Reproduce the lines below exactly. Skip images.

DATASET EXCERPT:
=== Section Start ===
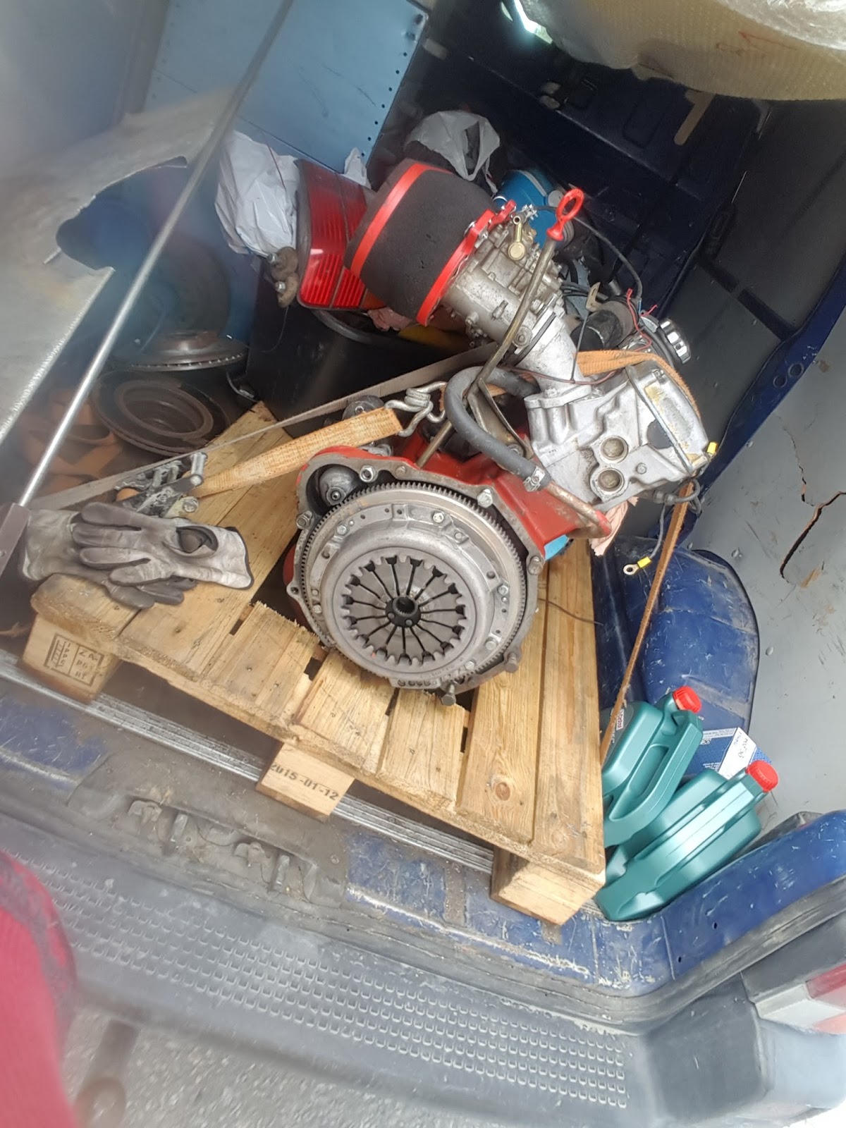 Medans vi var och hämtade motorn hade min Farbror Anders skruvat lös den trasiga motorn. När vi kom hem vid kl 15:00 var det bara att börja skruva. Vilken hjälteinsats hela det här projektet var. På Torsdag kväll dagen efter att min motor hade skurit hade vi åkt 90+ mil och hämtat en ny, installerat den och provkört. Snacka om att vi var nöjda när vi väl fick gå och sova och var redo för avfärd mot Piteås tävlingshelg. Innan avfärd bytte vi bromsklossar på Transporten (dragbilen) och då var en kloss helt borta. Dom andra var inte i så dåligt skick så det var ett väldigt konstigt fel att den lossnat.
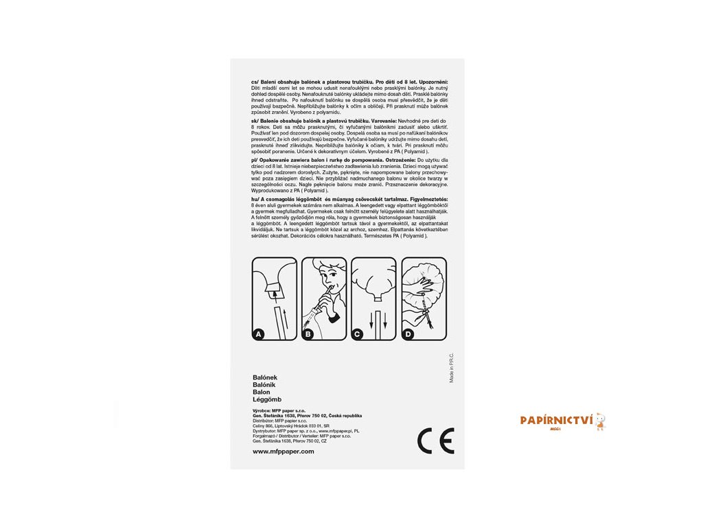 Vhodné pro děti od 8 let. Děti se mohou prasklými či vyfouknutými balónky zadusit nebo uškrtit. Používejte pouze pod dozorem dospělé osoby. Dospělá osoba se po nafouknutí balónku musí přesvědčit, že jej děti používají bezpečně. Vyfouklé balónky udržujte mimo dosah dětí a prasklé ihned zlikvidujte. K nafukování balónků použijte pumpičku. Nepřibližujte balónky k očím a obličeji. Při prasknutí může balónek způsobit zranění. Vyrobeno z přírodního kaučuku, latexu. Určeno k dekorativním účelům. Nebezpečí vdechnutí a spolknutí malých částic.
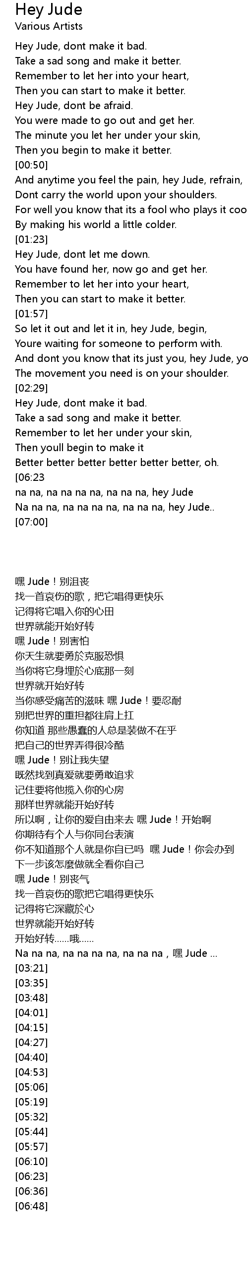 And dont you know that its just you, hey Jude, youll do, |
=== Section End ===
EXERCISE SOLUTION:
 Medans vi var och hämtade motorn hade min Farbror Anders skruvat lös den trasiga motorn. När vi kom hem vid kl 15:00 var det bara att börja skruva. Vilken hjälteinsats hela det här projektet var. På Torsdag kväll dagen efter att min motor hade skurit hade vi åkt 90+ mil och hämtat en ny, installerat den och provkört. Snacka om att vi var nöjda när vi väl fick gå och sova och var redo för avfärd mot Piteås tävlingshelg. Innan avfärd bytte vi bromsklossar på Transporten (dragbilen) och då var en kloss helt borta. Dom andra var inte i så dåligt skick så det var ett väldigt konstigt fel att den lossnat.
 Vhodné pro děti od 8 let. Děti se mohou prasklými či vyfouknutými balónky zadusit nebo uškrtit. Používejte pouze pod dozorem dospělé osoby. Dospělá osoba se po nafouknutí balónku musí přesvědčit, že jej děti používají bezpečně. Vyfouklé balónky udržujte mimo dosah dětí a prasklé ihned zlikvidujte. K nafukování balónků použijte pumpičku. Nepřibližujte balónky k očím a obličeji. Při prasknutí může balónek způsobit zranění. Vyrobeno z přírodního kaučuku, latexu. Určeno k dekorativním účelům. Nebezpečí vdechnutí a spolknutí malých částic.
 And dont you know that its just you, hey Jude, youll do, |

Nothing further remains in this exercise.